Dolan produced four one-act plays written by three other Ohio University playwrights and himself called “10-4: The Truck Stop Plays” at CIC Theater in Chicago in the Summer of 2014. Dolan’s one-act “Burger King,” was directed by Ashley Neal.  Ryan’s play “The Peace of Westphalia” was awarded the first-ever workshop production in the playwriting program at Columbia College. His ten-minute plays have been produced by American Theater Company, and Brown Couch Theater.

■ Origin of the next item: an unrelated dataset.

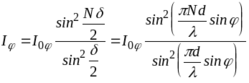 Угловая ширина главного максимума определяется как угловое расстояние между направлениями на минимумы, ближайшие к данному максимуму. Взяв дифференциал от выражения (3.37), легко получить, чтоОтсюда видно, что ширина главных максимумов уменьшается с ростом числа щелей N.

Ryan was the dramaturg at RedTwist theater for Kimberly Senior’s production of “The Pillowman,” and Keira Fromm’s production of “The Lobby Hero.” Both were nominated for Jeff Awards for “Best Play” and “Best Director.” Ryan is also a 12-year veteran of the Chicago improv scene. He has primarily improvised at iO and Annoyance Theaters, but also has performed and taught workshops at numerous festivals and universities around the country with his groups Revolver and Pudding-Thank-You. He also teaches workshops to Ohio University’s improv group, “Black Sheep.” His acting credits include productions at Steppenwolf Theater’s “Next Up” series, TimeLine Theater, Collaboraction, Strawdog, and Wildclaw Theater.